RECORD EXTRACTS
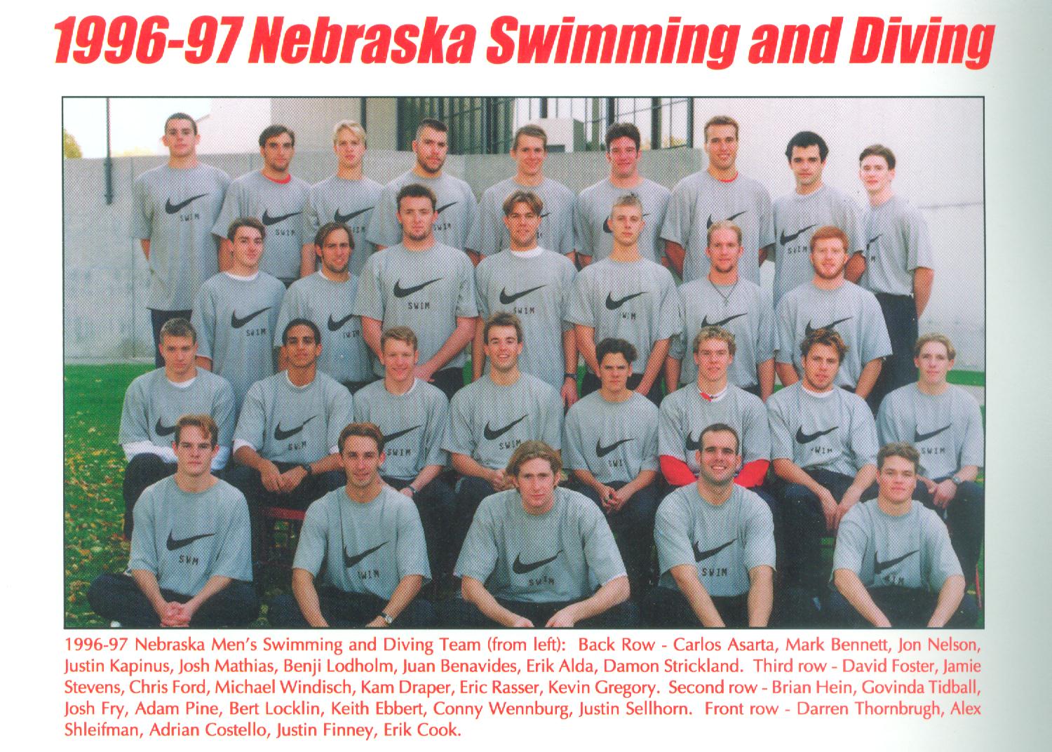 - This is a photograph of the 1996 UNL Men's Swimming and Diving Team. It was taken from a 1997 UNL Swimming brochure.
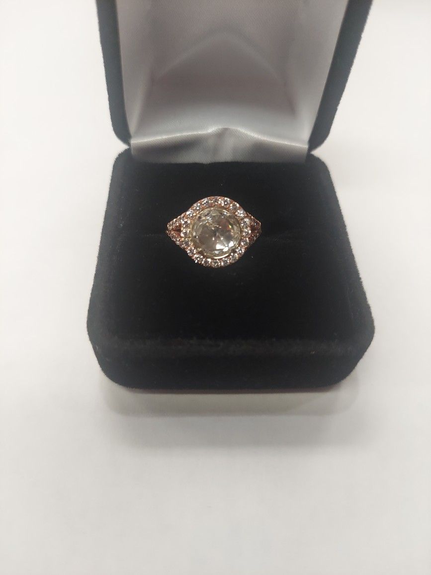 14karat Rose Gold 4.11 total diamonds 1.61 center Rose cut diamond with small round Halo & Shoulders Size 7 With GIA certification
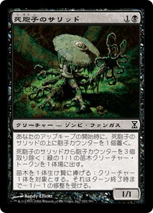 | Rules | At the beginning of your upkeep, put a spore counter on Deathspore Thallid. Remove three spore counters from Deathspore Thallid: Create a 1/1 green Saproling creature token. Sacrifice a Saproling: Target creature gets -1/-1 until end of turn. |
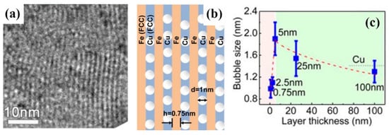 To prove the good sink ability for heterogeneous coherent interfaces, PVD Cu/Fe with 0.75 nm layer thickness is taken for an example [20]. PVD Cu/Fe with 0.75 nm has numerous Cu {111}//Fe {110} interfaces according to X-ray diffraction (XRD) analysis. After irradiation using 100 keV He ions with a dose of at room temperature, the diameter of bubbles is about 1 nm (Figure 17a), which is comparable to that in PVD Cu/V and Cu/Mo experienced the same He ion irradiation. Also, although these Cu/Fe interfaces are coherent, cavities are still confined by interfaces (Figure 17b) and their diameter is curtailed with layer thickness reducing (Figure 17c). In conclusion, nanostructured materials with heterogeneous coherent interfaces can also resist irradiation damage efficiently.
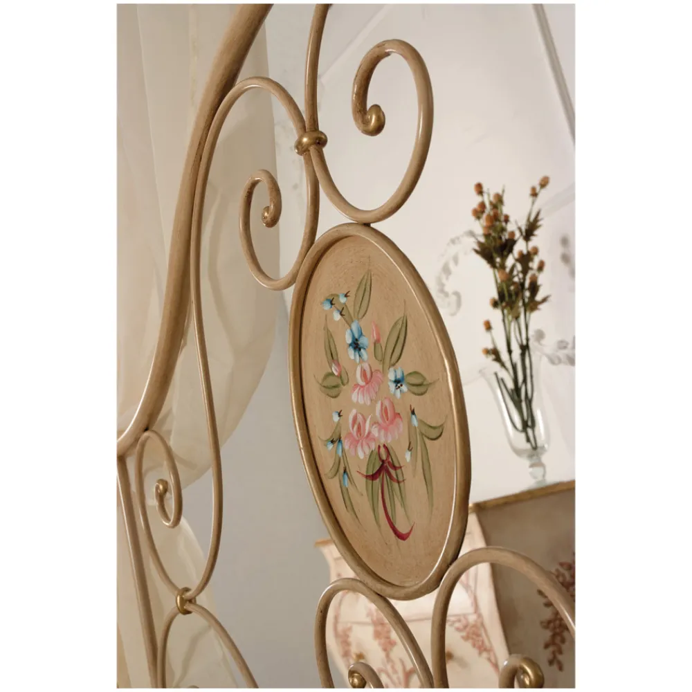 Dieses Bett ist eine charaktervolle Wahl mit ausgesprochen klassischem Flair, die unvergleichliche Weichheit und Raffinesse bietet. Das florale Detail am Kopfteil wird mit großer Sorgfalt und Aufmerksamkeit handgefertigt, um dem Produkt eine einzigartige und unwiederholbare Note zu verleihen.
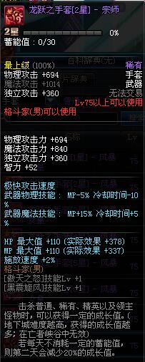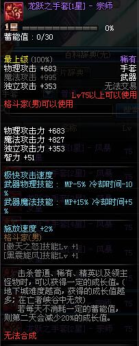 | 75 | 龙跃之手套[1星] - 宗师 | *完成二次觉醒任务后可以从NPC小铁柱处获得此道具。 | ||
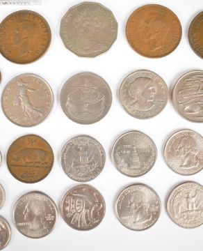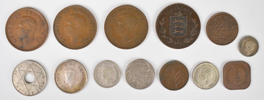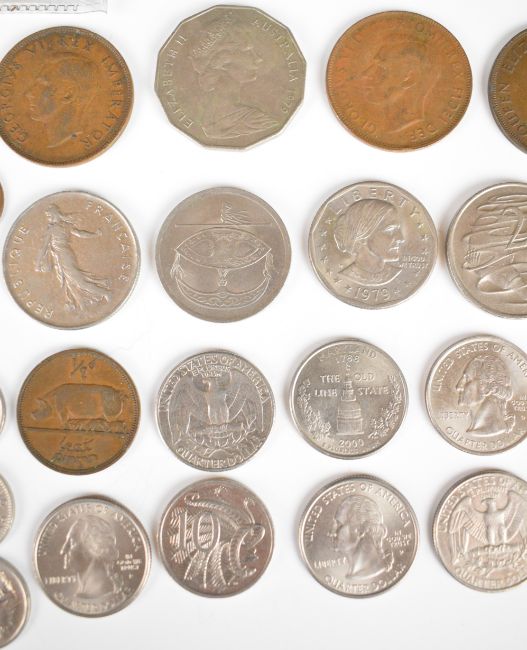 Small collection of world coins and banknotes including some silver coins and redeemable currency from Australia and New Zealand, together with two commercial Bank of Scotland £1 banknote,s one dated 1956 and the other 1964

WORK ORDER
All pictures are to be dropped, and the records above returned exactly.

RESULT OF THE EXERCISE
 - This is a photograph of the 1996 UNL Men's Swimming and Diving Team. It was taken from a 1997 UNL Swimming brochure.
 14karat Rose Gold 4.11 total diamonds 1.61 center Rose cut diamond with small round Halo & Shoulders Size 7 With GIA certification
 | Rules | At the beginning of your upkeep, put a spore counter on Deathspore Thallid. Remove three spore counters from Deathspore Thallid: Create a 1/1 green Saproling creature token. Sacrifice a Saproling: Target creature gets -1/-1 until end of turn. |
 To prove the good sink ability for heterogeneous coherent interfaces, PVD Cu/Fe with 0.75 nm layer thickness is taken for an example [20]. PVD Cu/Fe with 0.75 nm has numerous Cu {111}//Fe {110} interfaces according to X-ray diffraction (XRD) analysis. After irradiation using 100 keV He ions with a dose of at room temperature, the diameter of bubbles is about 1 nm (Figure 17a), which is comparable to that in PVD Cu/V and Cu/Mo experienced the same He ion irradiation. Also, although these Cu/Fe interfaces are coherent, cavities are still confined by interfaces (Figure 17b) and their diameter is curtailed with layer thickness reducing (Figure 17c). In conclusion, nanostructured materials with heterogeneous coherent interfaces can also resist irradiation damage efficiently.
 Dieses Bett ist eine charaktervolle Wahl mit ausgesprochen klassischem Flair, die unvergleichliche Weichheit und Raffinesse bietet. Das florale Detail am Kopfteil wird mit großer Sorgfalt und Aufmerksamkeit handgefertigt, um dem Produkt eine einzigartige und unwiederholbare Note zu verleihen.
 | 75 | 龙跃之手套[1星] - 宗师 | *完成二次觉醒任务后可以从NPC小铁柱处获得此道具。 | ||
 Small collection of world coins and banknotes including some silver coins and redeemable currency from Australia and New Zealand, together with two commercial Bank of Scotland £1 banknote,s one dated 1956 and the other 1964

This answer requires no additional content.